**THE PROBLEM:**
Exactly reproduce the lines of the listing below from the one containing "La possibilité de" through the one containing "The correlations obtained". Skip the images.

START RECORD EXTRACTS

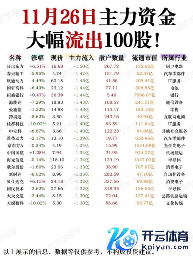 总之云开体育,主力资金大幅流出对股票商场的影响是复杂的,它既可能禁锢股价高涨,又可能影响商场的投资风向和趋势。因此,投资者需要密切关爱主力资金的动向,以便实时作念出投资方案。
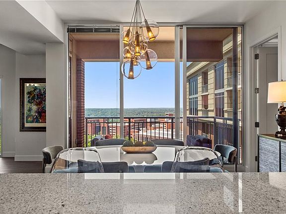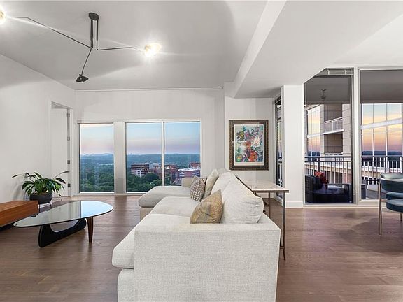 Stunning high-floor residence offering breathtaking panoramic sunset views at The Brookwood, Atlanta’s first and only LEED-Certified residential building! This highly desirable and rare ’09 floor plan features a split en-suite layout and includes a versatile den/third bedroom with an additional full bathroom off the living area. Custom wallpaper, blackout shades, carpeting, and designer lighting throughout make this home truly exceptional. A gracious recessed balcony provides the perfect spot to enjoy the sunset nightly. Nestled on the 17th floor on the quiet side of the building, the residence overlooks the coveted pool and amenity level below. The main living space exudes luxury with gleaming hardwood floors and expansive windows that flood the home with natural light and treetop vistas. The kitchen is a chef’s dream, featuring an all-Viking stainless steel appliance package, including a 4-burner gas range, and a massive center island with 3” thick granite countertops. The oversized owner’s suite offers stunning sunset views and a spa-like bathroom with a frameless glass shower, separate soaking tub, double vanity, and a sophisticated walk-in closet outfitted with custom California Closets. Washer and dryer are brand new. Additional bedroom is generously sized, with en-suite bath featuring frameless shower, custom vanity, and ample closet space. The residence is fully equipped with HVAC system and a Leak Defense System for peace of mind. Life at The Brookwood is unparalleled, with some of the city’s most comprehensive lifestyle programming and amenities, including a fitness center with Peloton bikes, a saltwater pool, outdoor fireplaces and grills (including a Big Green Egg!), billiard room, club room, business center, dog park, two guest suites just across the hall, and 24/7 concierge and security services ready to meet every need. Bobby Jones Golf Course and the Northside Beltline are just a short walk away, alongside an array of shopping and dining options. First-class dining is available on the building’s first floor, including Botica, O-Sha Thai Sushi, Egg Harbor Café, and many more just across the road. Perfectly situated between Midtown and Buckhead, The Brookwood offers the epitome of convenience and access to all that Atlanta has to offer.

END RECORD EXTRACTS
START RECORD EXTRACTS

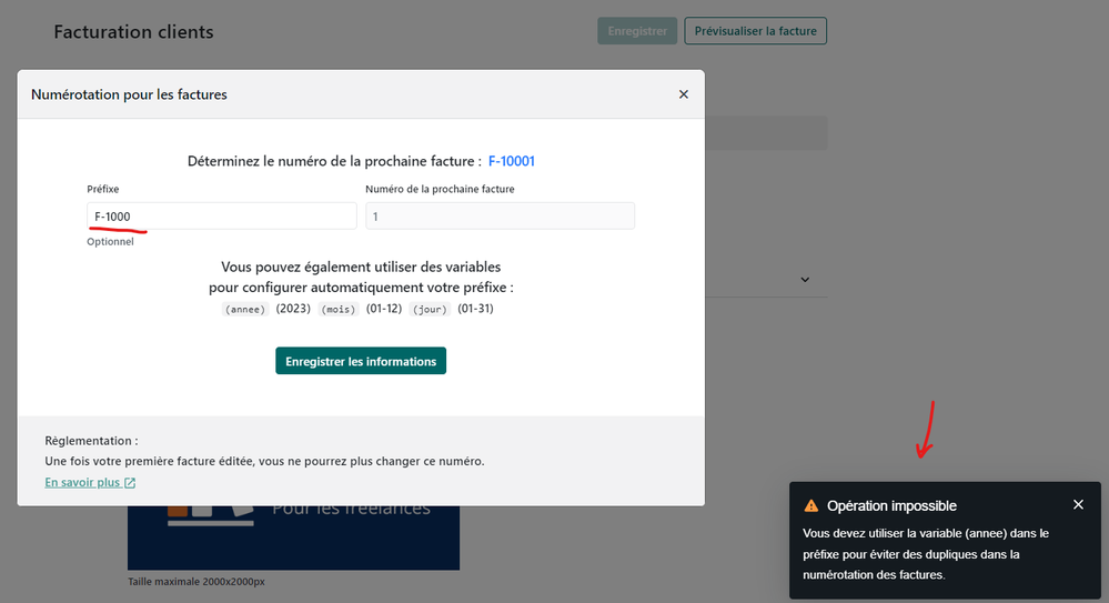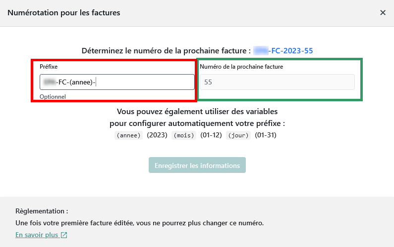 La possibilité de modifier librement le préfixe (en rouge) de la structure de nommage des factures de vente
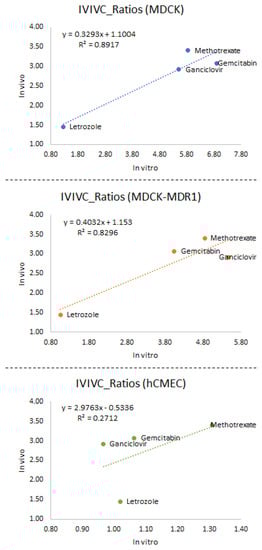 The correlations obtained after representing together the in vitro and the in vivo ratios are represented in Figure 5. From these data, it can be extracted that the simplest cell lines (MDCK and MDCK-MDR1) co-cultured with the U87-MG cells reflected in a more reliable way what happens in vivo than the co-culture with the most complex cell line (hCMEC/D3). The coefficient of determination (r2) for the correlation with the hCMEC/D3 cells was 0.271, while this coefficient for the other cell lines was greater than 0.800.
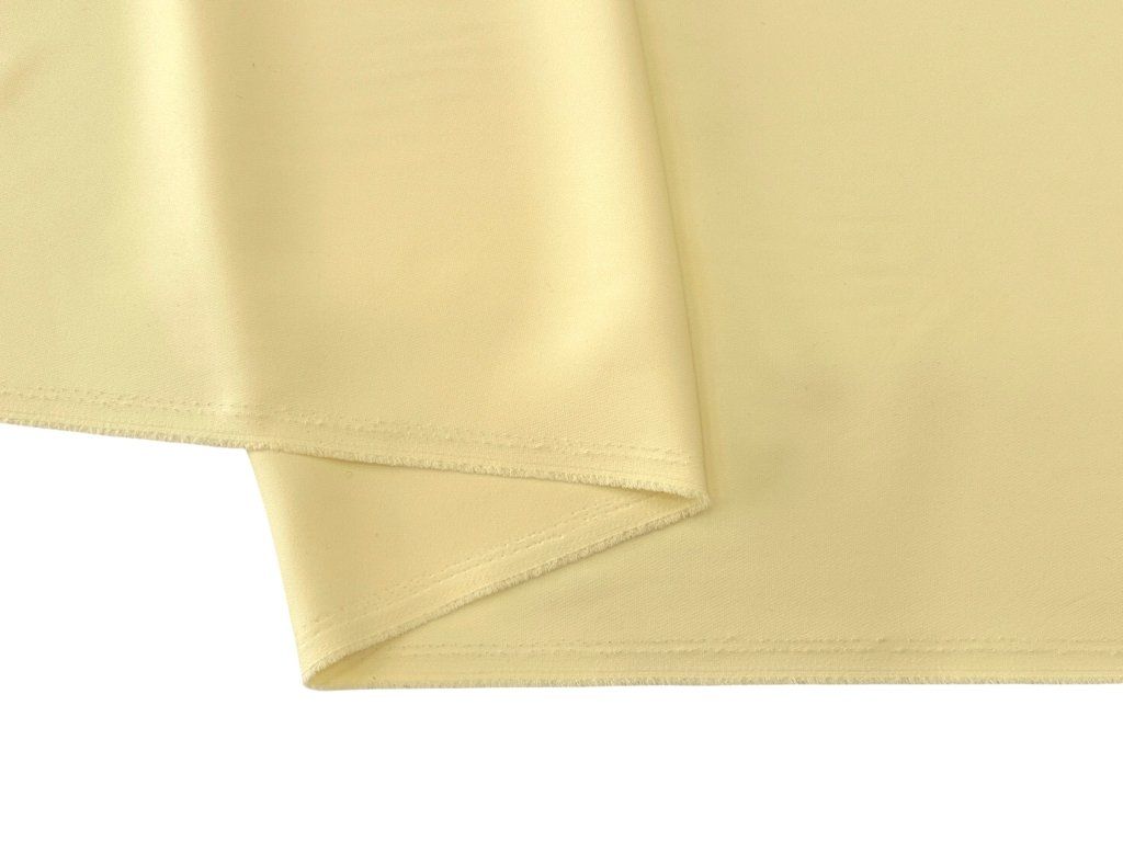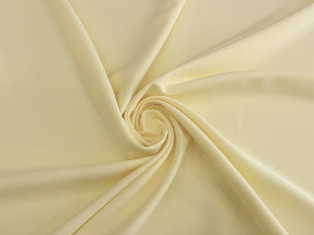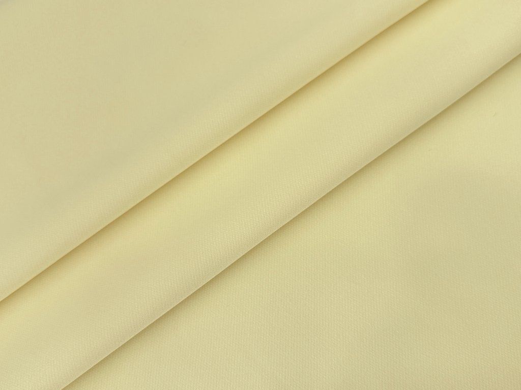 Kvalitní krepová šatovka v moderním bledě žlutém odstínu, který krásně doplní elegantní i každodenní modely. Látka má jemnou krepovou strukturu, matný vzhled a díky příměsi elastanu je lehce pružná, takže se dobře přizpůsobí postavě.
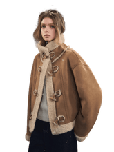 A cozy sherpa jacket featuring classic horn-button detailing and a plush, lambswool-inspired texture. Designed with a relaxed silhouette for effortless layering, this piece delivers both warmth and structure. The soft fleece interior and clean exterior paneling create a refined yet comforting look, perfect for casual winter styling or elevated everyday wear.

END RECORD EXTRACTS

**OUTPUT BELOW:**
 La possibilité de modifier librement le préfixe (en rouge) de la structure de nommage des factures de vente
 The correlations obtained after representing together the in vitro and the in vivo ratios are represented in Figure 5. From these data, it can be extracted that the simplest cell lines (MDCK and MDCK-MDR1) co-cultured with the U87-MG cells reflected in a more reliable way what happens in vivo than the co-culture with the most complex cell line (hCMEC/D3). The coefficient of determination (r2) for the correlation with the hCMEC/D3 cells was 0.271, while this coefficient for the other cell lines was greater than 0.800.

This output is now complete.